Evolution of the Sql Language at Databricks: Ansi Standard by Default and Easier Migrations from Data Warehouses
November 16, 2021 in Platform Blog
Today, we are excited to announce that Databricks SQL will use the ANSI standard SQL dialect by default. This follows the announcement earlier this month about Databricks SQL’s record-setting performance and marks a major milestone in our quest to support open standards. This blog post discusses how this update makes it easier to migrate your data warehousing workloads to Databricks lakehouse platform.
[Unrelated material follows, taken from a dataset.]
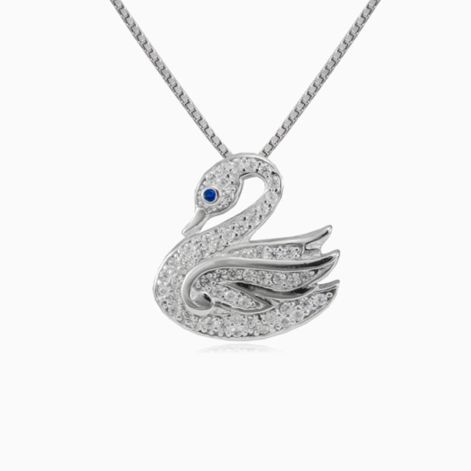 Colgante de cisne de ojos azules hecho de plata de ley, decorado con circonitas cúbicas y zafiro azul.

Moreover, we are happy to announce improvements in our SQL support that make it easier to query JSON and perform common tasks more easily.
Migrate easily to Databricks SQL
We believe Databricks SQL is the best place for data warehousing workloads, and it should be easy to migrate to it. Practically, this means changing as little of your SQL code as possible. We do this by switching out the default SQL dialect from Spark SQL to Standard SQL, augmenting it to add compatibility with existing data warehouses, and adding quality control for your SQL queries.
Standard SQL we can all agree on
With the SQL standard, there are no surprises in behavior or unfamiliar syntax to look up and learn.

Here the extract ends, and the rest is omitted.